A Transgenic Mouse Model for Congenital Dyserythropoietic Anemia Type I

The Congenital Dyseyrthropoetic Anemias (CDA) are a heterogeneous group of inborn defects characterized by anemia of varying severity and morphological abnormalities of bone marrow erythroblasts. Studying their pathology has the potential to contribute to the understanding of the normal process of erythropoiesis. In CDA type I, the phenotype is largely limited to the red cell lineage with erythroblasts showing characteristic spongy nuclear chromatin on electron microscopy. Its genetic basis is due to missense mutations in the CDAN1 gene (chromosome 15q15), but the biological function of the highly conserved and non-redundant codanin-1 protein remains entirely unknown.

We have produced a mouse model for CDA type I by generating transgenic mice from an ES cell line carrying a gene-trap (splice acceptor/β-galactosidase gene/neomycin resistance gene) in intron 25 of the murine CDAN1 gene. Blood and bone marrow from CDAN1^gt/wt heterozygotes is morphologically and quantitatively indistinguishable from wild type animals. Northern blot analysis and RT-qPCR of codanin-1 RNA expression confirms a broad pattern of expression with the highest levels seen in erythroid tissue. Flow-cytometric analysis of β-galactosidase activity in erythroid cells from phenylhydrazine treated adult spleens shows the highest levels in the CD71^high/Ter119^low early erythroblasts, declining with further erythroid maturation. Furthermore, indirect immunofluorescence localizes the codanin-1/β-galactosidase fusion product in the nucleus of the CD71^high/Ter119^low early erythroblasts, particularly at the interface between euchromatin and heterochromatin. The presence of an in-frame β-gal in the gene trap insert, therefore, provides a method to analyze gene and protein expression from the CDAN1 promoter, and additional distribution data from heterozygous embryos and adults will be presented. Heterozygote crosses produced no homozygotes among liveborn progeny, suggesting embryonic lethality of this state. Analysis of embryos at different stages suggests development of homozygotes ceased at ~6.5d of gestation, prior to the onset of erythropoiesis.
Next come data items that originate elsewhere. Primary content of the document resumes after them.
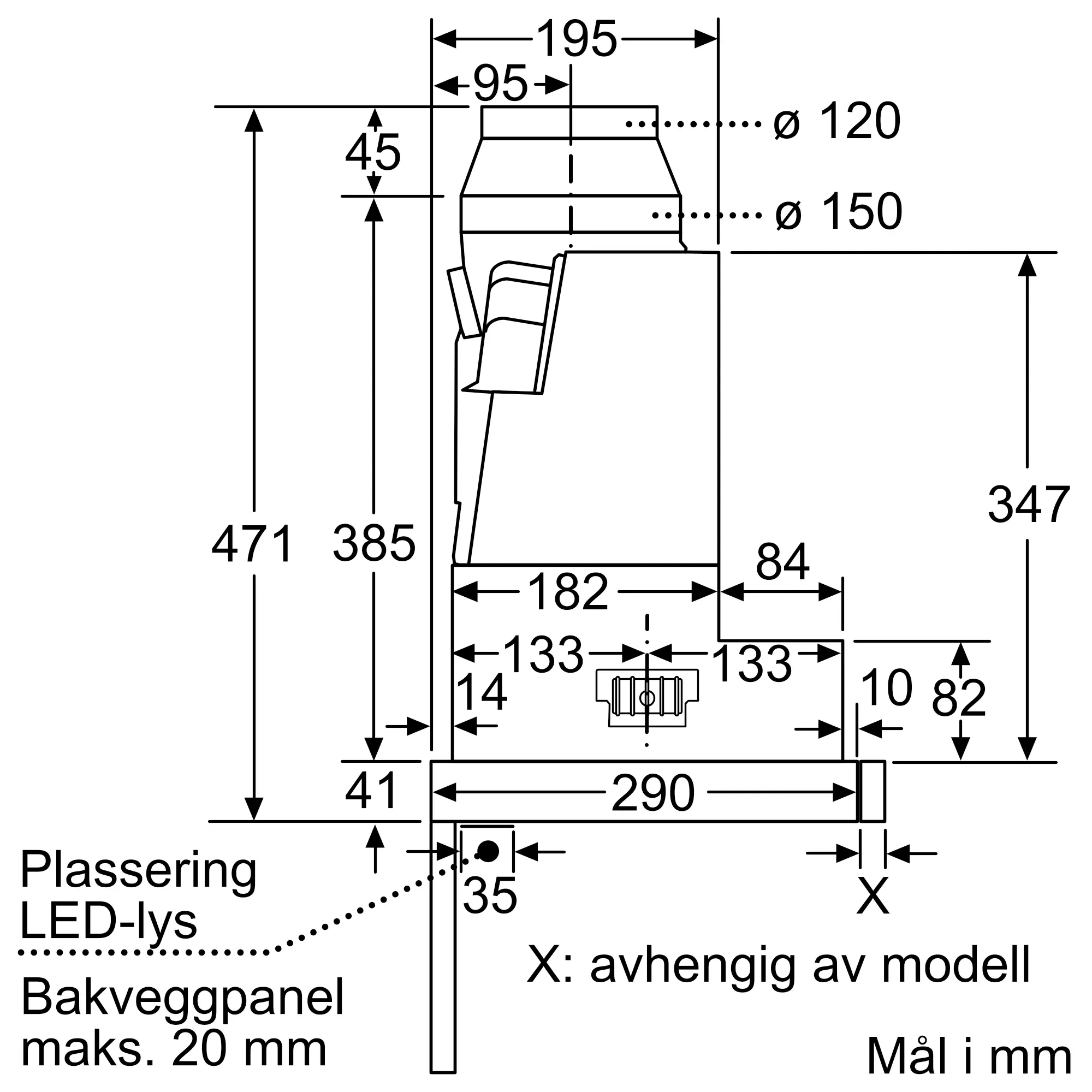 Utluft/resirkulering (tilbehør tilgjengelig separat)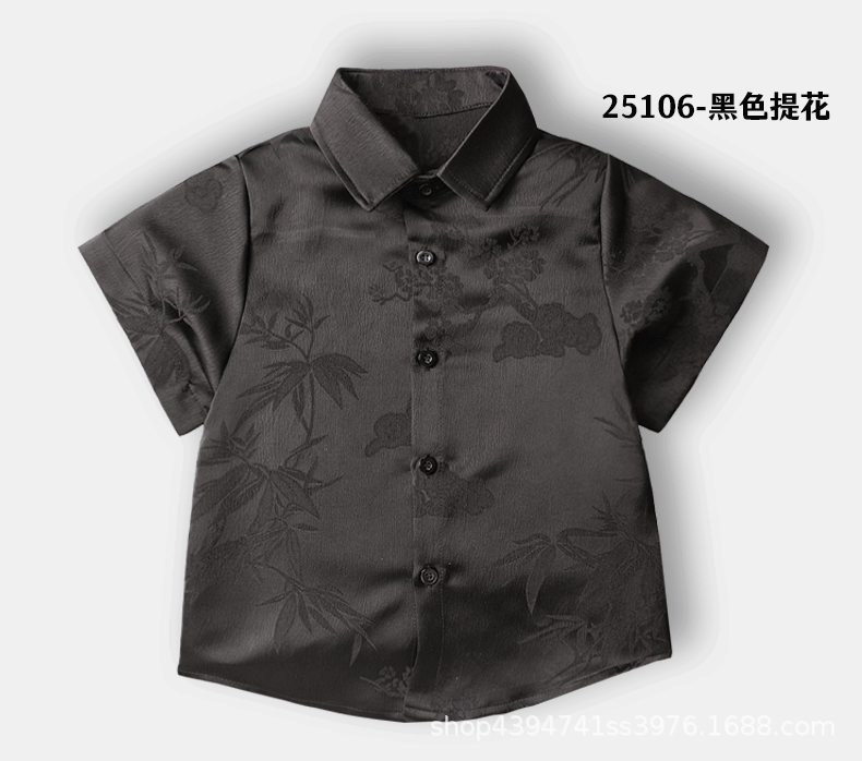 • 블랙 자카드 반소매 셔츠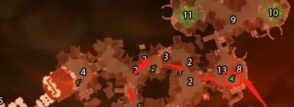 3、進來之后從圖中的箭頭方向繞彎一直向右邊走,走到右下角的4號位置。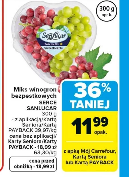 Miks winogron bezpestkowych SERCE SANLUCAR 300 g - z aplikacją/Kartą Seniora/Kartą PAYBACK 39,97/kg cena bez aplikacji/ Karty Seniora/Karty PAYBACK - 18,99 zł 63,30/kg cena przed obniżką - 18,99 zł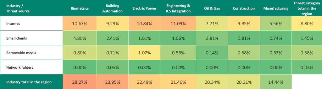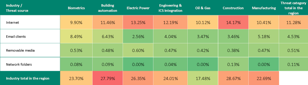 • Leader among industries in the region in terms of the percentage of ICS computers on which threats from removable media were blocked. Second in terms of internet threats.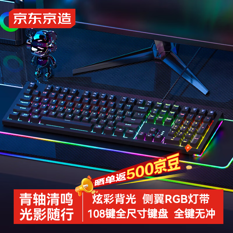 京东京造青轴有线机械键盘104键 暗夜骑士系列仅售129元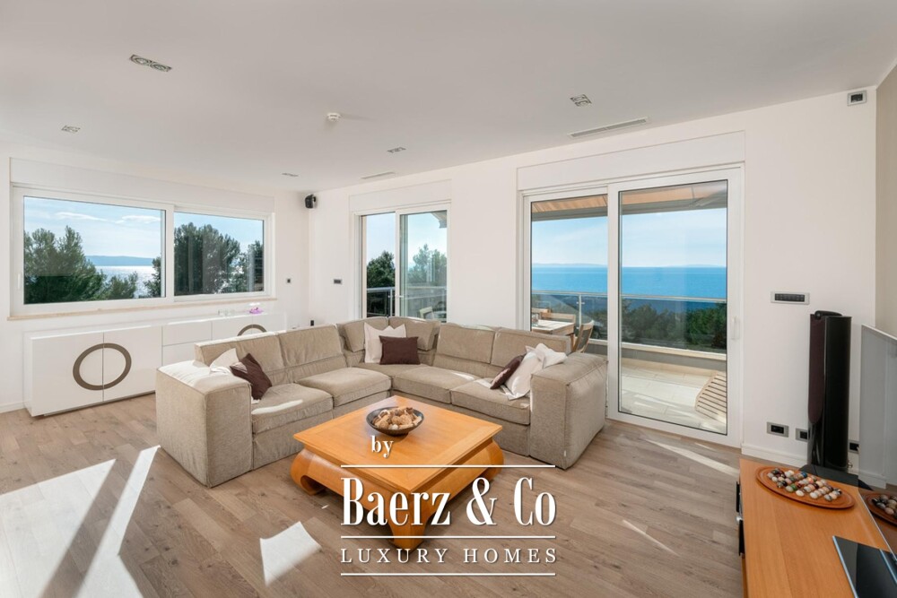 Three terraces, totaling 18.38 m², frame panoramic vistas of the Adriatic, the outlook protected and unchanging. The living areas are bathed in natural light, accentuated by extensive glazing and optimal orientation. A dedicated workroom houses laundry amenities, and a separate wardrobe enhances organization. Throughout, a smart system integrates underfloor heating, air conditioning, air recovery, alarm and smoke detectors, a central vacuum system, solar panels for hot water, electric roller shutters and awnings, and high-end appliances. A traditional brick fireplace on the terrace invites connection with the Dalmatian outdoors.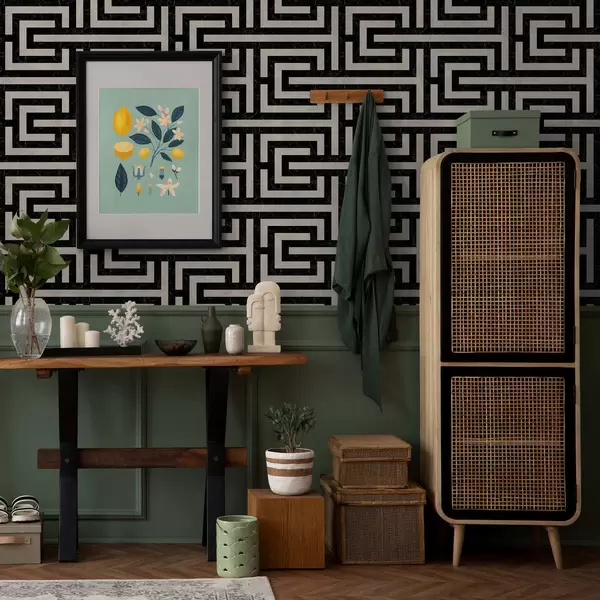 Tapéta Fekete-fehér geometrikus labirintusminta Nr. a01073

These results from the first transgenic mouse model for CDA type I, highlight a non-erythroid role for codanin-1 in early embryonic development, in addition to its role in adult human erythropoiesis. The embryonic lethality of the mouse model is consistent with the absence of homozygote null mutations in the CDAN1 genes analyzed so far in human patients. Creation of mice with the CDA type I phenotype may have to await a knock-in transgenic containing a human mutation, which is currently in preparation. The model described here should be valuable for further studies of the intracellular localization of codanin-1 and the identification of any relevant protein binding partners.